What should be copied is the stretch of entries below from the line with "Super V-neck Sleeveless" up to and including the line with "Composition: Each film", exactly and without images.

Given entries:
____________

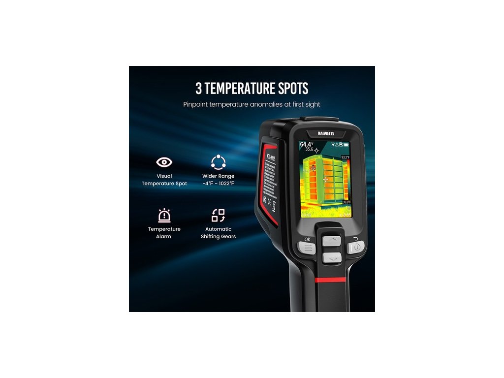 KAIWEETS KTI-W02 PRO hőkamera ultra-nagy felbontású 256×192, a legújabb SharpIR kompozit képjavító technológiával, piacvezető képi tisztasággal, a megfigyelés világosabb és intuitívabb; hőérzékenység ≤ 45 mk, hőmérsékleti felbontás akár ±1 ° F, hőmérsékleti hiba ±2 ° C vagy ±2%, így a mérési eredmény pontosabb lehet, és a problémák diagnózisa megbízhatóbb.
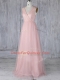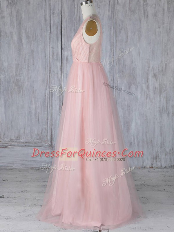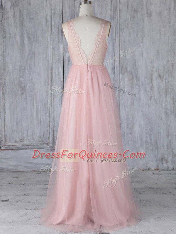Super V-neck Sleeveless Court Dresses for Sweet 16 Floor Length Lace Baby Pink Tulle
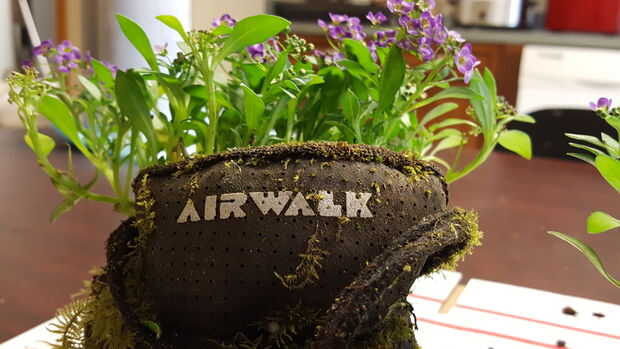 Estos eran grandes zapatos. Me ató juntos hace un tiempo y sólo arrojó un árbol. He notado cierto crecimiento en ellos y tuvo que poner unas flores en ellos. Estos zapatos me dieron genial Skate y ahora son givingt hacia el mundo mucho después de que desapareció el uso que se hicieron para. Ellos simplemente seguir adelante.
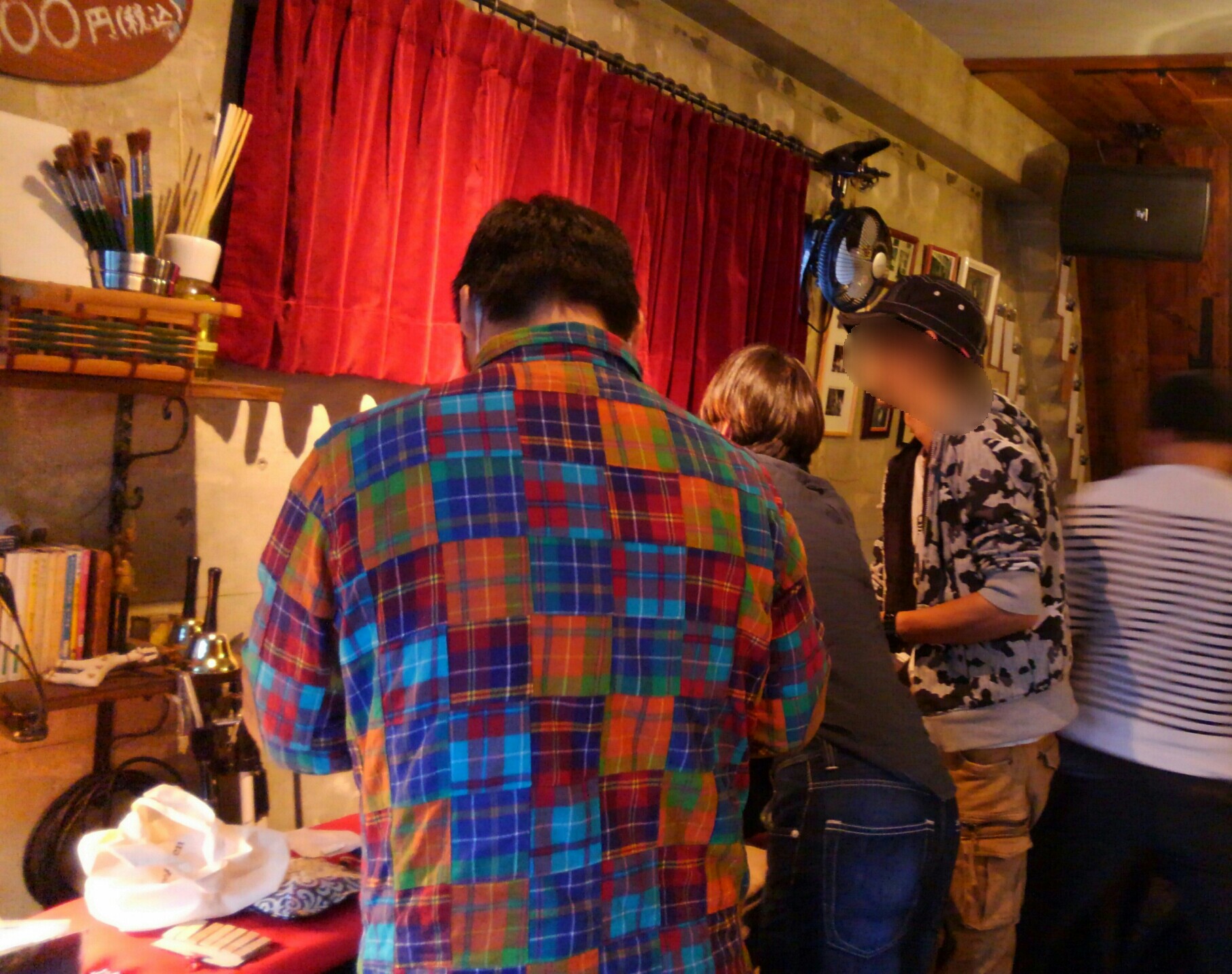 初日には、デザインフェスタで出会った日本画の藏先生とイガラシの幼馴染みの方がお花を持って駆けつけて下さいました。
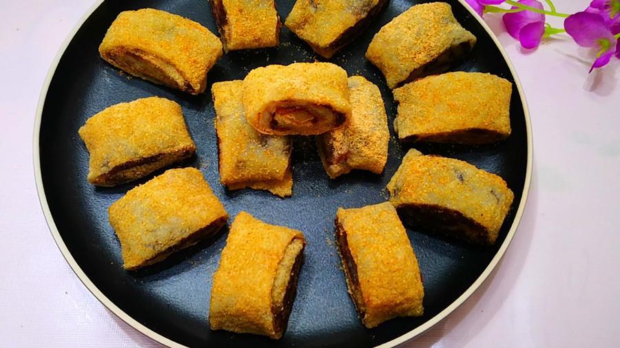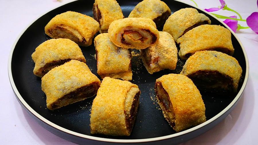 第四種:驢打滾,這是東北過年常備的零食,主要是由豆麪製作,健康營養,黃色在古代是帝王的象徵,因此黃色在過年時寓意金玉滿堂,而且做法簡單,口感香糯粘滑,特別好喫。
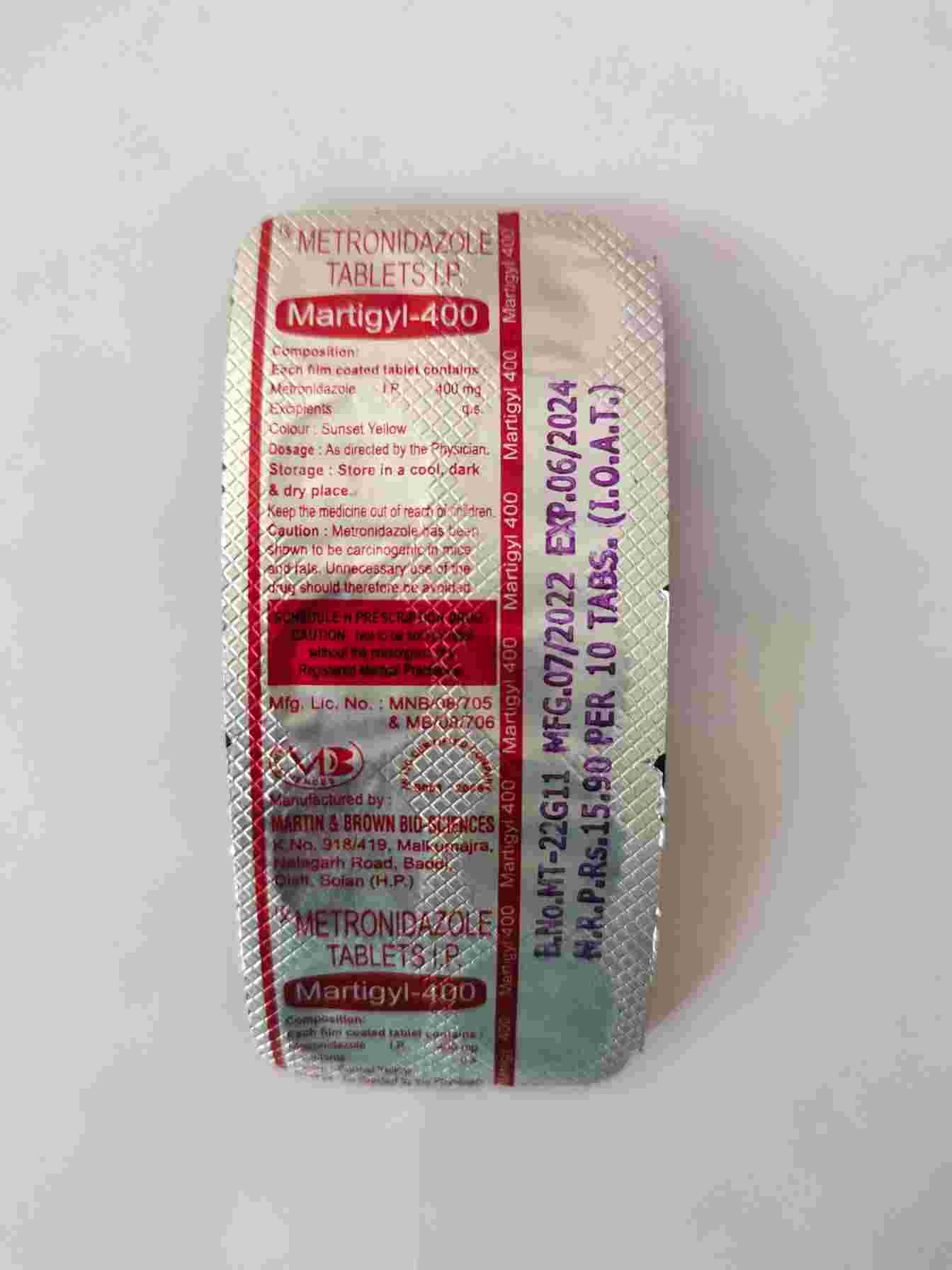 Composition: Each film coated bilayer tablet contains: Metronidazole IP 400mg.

____________

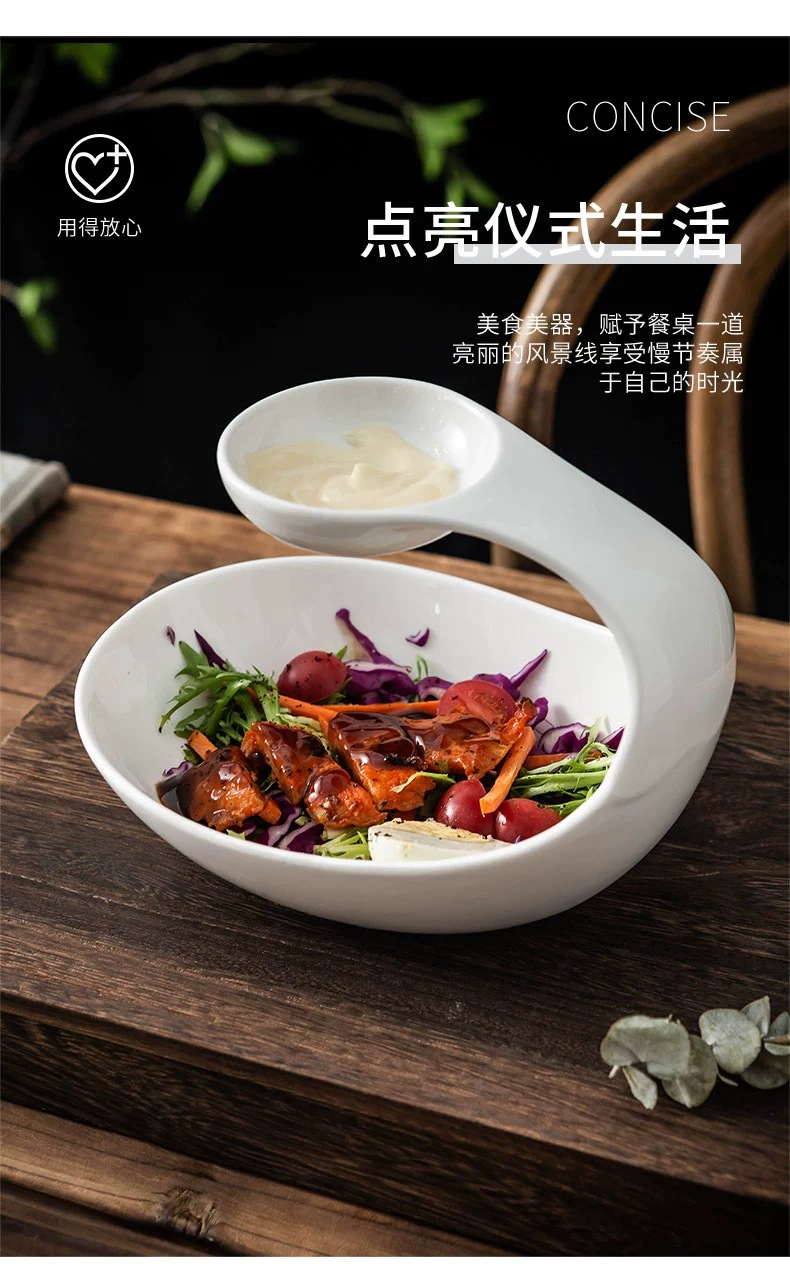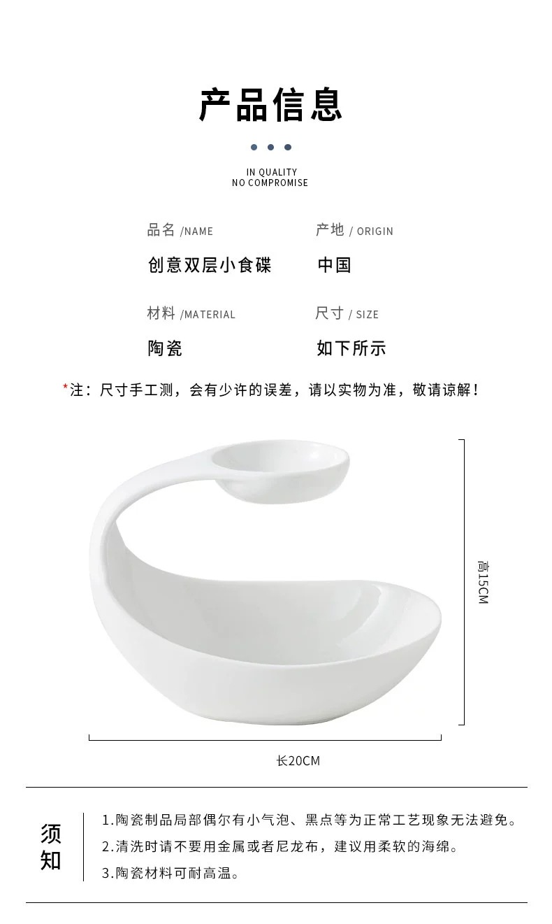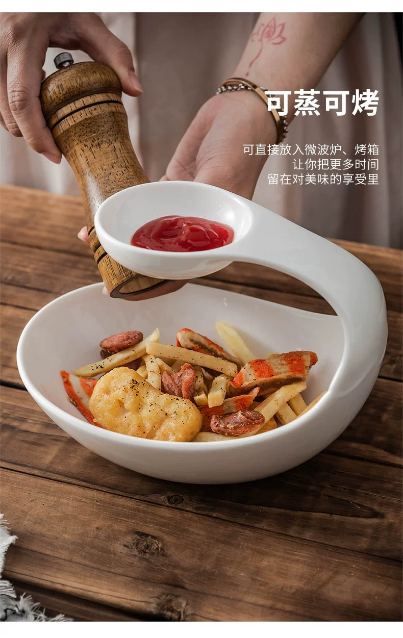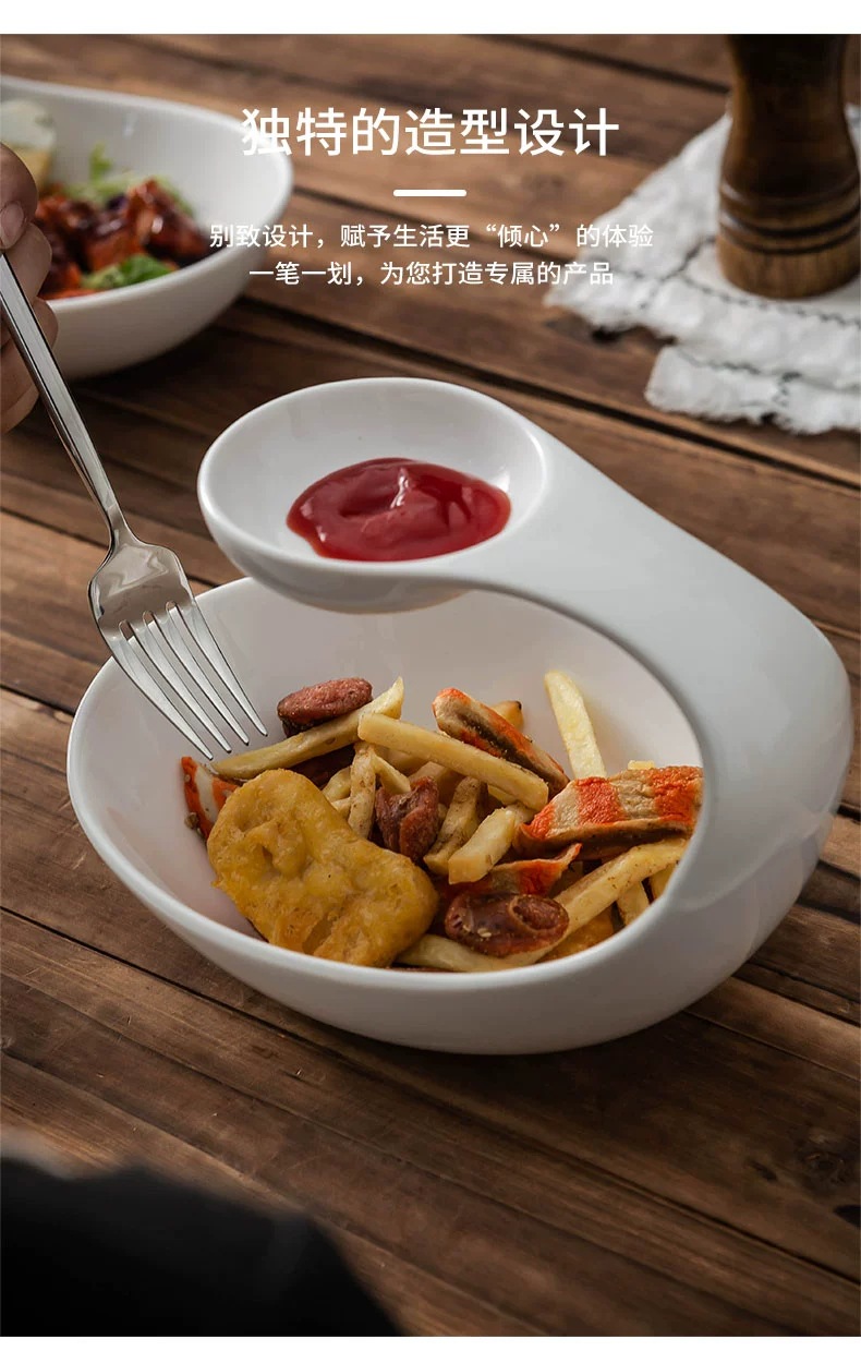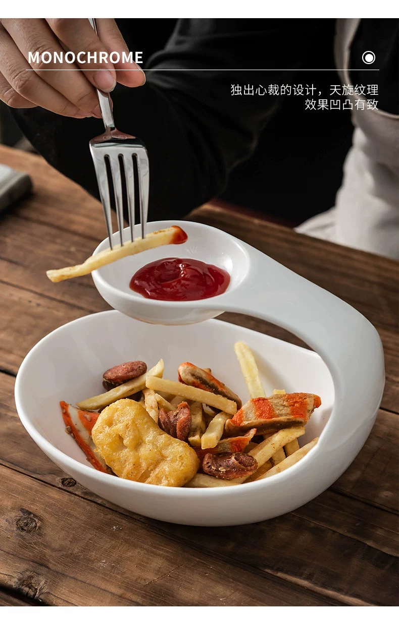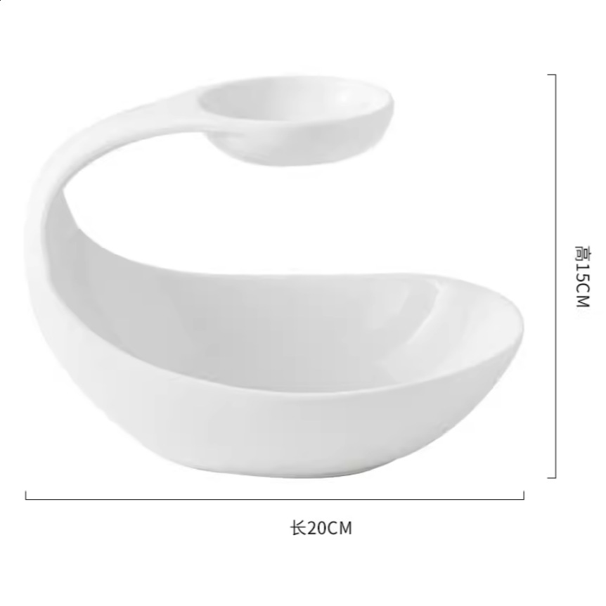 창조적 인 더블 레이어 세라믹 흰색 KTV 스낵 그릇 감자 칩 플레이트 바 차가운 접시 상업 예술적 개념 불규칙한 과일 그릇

____________

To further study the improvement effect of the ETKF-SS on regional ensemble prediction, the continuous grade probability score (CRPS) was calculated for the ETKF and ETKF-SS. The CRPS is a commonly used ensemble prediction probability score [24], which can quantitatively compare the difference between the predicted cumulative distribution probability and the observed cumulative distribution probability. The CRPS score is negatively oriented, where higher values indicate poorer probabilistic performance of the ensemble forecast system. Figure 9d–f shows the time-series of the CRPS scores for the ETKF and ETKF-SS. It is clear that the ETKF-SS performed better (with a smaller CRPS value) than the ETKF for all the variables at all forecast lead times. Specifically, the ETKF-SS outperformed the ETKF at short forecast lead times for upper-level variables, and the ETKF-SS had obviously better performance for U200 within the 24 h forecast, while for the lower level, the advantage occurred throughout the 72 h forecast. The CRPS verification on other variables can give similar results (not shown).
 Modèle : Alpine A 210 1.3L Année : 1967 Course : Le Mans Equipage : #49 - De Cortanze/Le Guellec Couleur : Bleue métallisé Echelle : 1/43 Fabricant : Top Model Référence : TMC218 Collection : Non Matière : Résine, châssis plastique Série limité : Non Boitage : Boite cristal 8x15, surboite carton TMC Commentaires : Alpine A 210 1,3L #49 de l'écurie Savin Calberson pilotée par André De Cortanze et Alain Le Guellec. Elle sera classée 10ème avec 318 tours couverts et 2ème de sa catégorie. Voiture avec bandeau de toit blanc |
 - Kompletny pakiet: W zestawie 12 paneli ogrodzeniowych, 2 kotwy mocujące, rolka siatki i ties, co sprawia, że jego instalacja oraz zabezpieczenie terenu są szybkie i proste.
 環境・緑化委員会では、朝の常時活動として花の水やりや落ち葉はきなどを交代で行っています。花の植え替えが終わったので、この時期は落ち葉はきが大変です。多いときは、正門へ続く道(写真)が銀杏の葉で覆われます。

____________

Output:
Super V-neck Sleeveless Court Dresses for Sweet 16 Floor Length Lace Baby Pink Tulle
 Estos eran grandes zapatos. Me ató juntos hace un tiempo y sólo arrojó un árbol. He notado cierto crecimiento en ellos y tuvo que poner unas flores en ellos. Estos zapatos me dieron genial Skate y ahora son givingt hacia el mundo mucho después de que desapareció el uso que se hicieron para. Ellos simplemente seguir adelante.
 初日には、デザインフェスタで出会った日本画の藏先生とイガラシの幼馴染みの方がお花を持って駆けつけて下さいました。
 第四種:驢打滾,這是東北過年常備的零食,主要是由豆麪製作,健康營養,黃色在古代是帝王的象徵,因此黃色在過年時寓意金玉滿堂,而且做法簡單,口感香糯粘滑,特別好喫。
 Composition: Each film coated bilayer tablet contains: Metronidazole IP 400mg.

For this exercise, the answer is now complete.